_Required action_
Please take the lines from the one holding "发型点评:这一款短发属于蘑菇" through the one holding "지난 ’19년 7월 개정된" in the data below and copy them exactly.

_Source material_
----------

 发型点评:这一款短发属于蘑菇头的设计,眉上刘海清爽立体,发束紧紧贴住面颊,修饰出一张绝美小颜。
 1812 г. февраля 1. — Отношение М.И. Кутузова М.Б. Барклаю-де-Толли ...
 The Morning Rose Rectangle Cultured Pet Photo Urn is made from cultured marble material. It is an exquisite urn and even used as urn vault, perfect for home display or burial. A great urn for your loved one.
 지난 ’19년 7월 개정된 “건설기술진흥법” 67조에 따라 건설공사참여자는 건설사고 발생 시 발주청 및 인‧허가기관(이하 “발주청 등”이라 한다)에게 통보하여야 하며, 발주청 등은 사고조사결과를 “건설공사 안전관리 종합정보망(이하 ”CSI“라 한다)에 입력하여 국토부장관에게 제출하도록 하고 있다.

----------

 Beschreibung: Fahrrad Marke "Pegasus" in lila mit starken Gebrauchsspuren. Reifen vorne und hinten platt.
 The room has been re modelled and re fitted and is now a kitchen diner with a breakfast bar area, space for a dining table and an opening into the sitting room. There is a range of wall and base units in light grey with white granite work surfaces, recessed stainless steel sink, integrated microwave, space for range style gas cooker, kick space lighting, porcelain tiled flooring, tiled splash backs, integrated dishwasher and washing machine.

----------

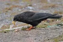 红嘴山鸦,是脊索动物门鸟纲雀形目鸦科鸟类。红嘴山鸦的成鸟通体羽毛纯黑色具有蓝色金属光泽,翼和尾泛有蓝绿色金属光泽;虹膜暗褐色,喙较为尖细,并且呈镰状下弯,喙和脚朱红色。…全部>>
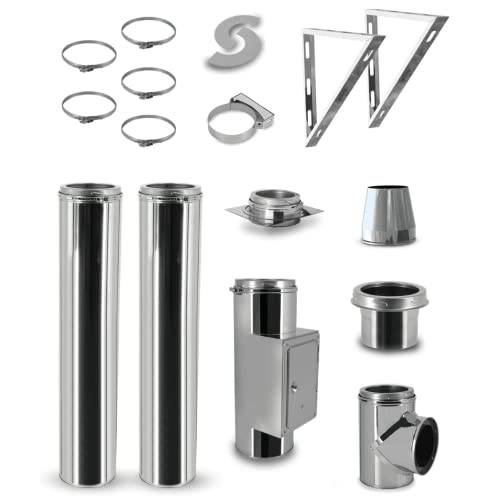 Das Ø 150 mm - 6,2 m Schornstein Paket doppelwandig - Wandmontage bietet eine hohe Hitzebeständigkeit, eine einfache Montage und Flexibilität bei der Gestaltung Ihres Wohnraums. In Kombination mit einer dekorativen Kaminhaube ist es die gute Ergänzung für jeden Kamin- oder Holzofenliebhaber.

----------

_Answer to the problem_
 发型点评:这一款短发属于蘑菇头的设计,眉上刘海清爽立体,发束紧紧贴住面颊,修饰出一张绝美小颜。
 1812 г. февраля 1. — Отношение М.И. Кутузова М.Б. Барклаю-де-Толли ...
 The Morning Rose Rectangle Cultured Pet Photo Urn is made from cultured marble material. It is an exquisite urn and even used as urn vault, perfect for home display or burial. A great urn for your loved one.
 지난 ’19년 7월 개정된 “건설기술진흥법” 67조에 따라 건설공사참여자는 건설사고 발생 시 발주청 및 인‧허가기관(이하 “발주청 등”이라 한다)에게 통보하여야 하며, 발주청 등은 사고조사결과를 “건설공사 안전관리 종합정보망(이하 ”CSI“라 한다)에 입력하여 국토부장관에게 제출하도록 하고 있다.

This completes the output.